Should we do good to be rewarded?

Should we do good to be rewarded?

Mark 10:28-31. Many that are first will be last, and the last will be first.

Should we do good to be rewarded?

The preaching is charity and unconditional love. My reservations about doing good because we want to be saved is that this reasoning is ultimately consequentialist; with regards to an anticipated reward. Isn’t this conditional?

Perhaps the message is simple yet profound: we should do good to be good. Doing good is to be authentic to who we are, embracing our natural curiosity and predisposition towards flourishing.

The story of the philosopher’s stone seems like a paradox: the one who lusts for the stone is most undeserving, yet the one who seeks but is reluctant and humble is the most deserving.

If we do things because we expect salvation and the eternal life after our worldly death, then this may distract us from the point of the commandment of love: love by default. Loving for loving’s sake.

I have a somewhat “uncomfortable” insight on faith: what it means to have faith is not to expect reward from the other who we have faith on. Expectation and entitlement dilutes gratitude.
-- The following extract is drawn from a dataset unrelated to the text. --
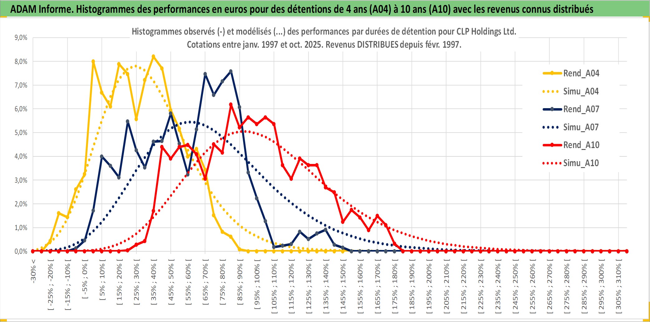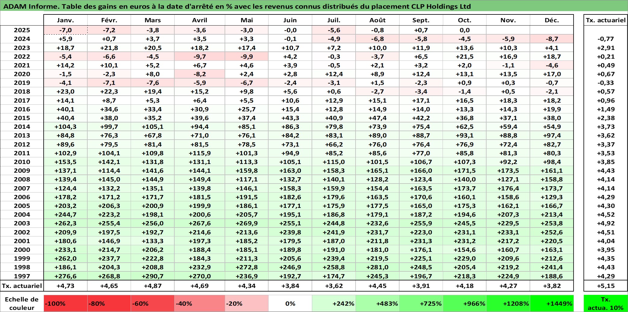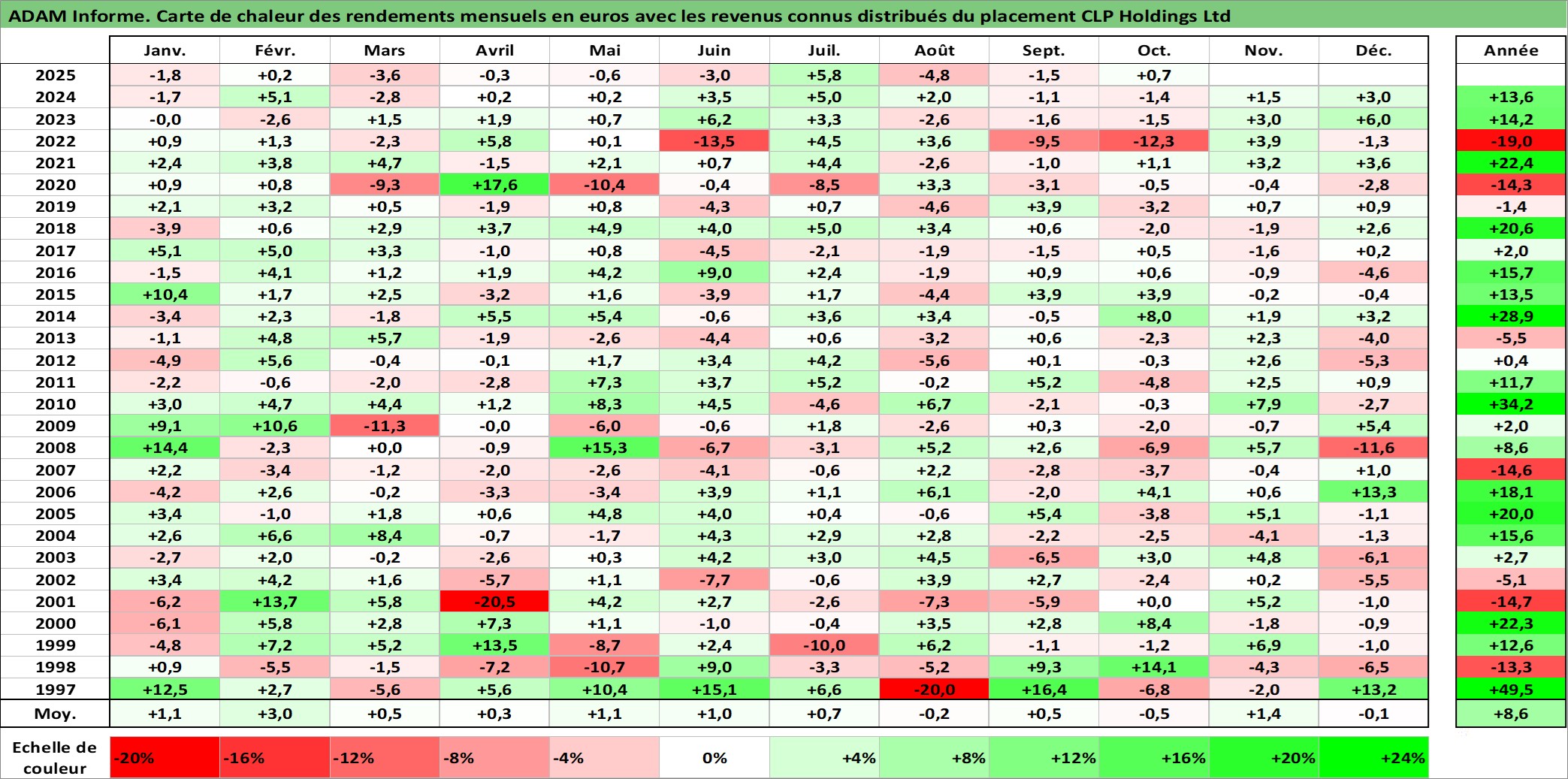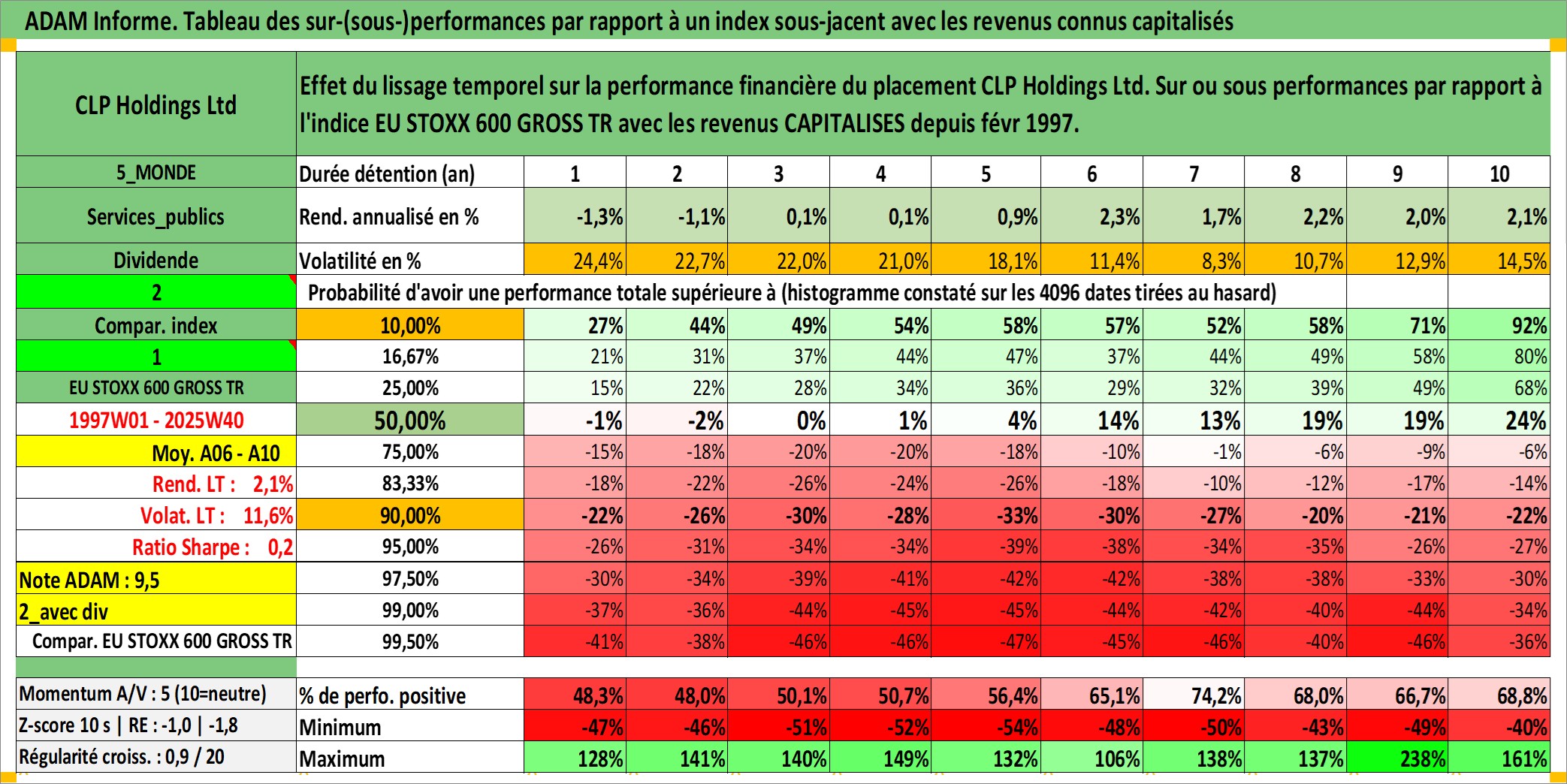 Site dédié aux investisseursPage dédiée sur site financeAnalyse des valorisations hebdomadaires de l'action CLP Holdings Ltd. Cet actif est cote en HKD. Les valorisations sont en contrevaleur EURO et couvrent les semaines 1997W01 a 2025W40. Les revenus de cet actif financier sont pris en compte depuis la semaine 1997W07. La note globale ESG de cet actif est estimee a 6.0 (apres rebasage entre 0 et 20).

Faith is about doing and being good without regards to consequences. The miracle is that if every person embraces this principle, then the world will be like the Kingdom of God. But humans inevitably have flaws; so the challenge:

Can we keep the faith, keep on loving, and keep on being good despite the flaws and suffering we will inevitably encounter? Are we willing to get uncomfortable?

If yes, then maybe we are truly one step closer towards salvation. Or at least, we honor who truly are: good.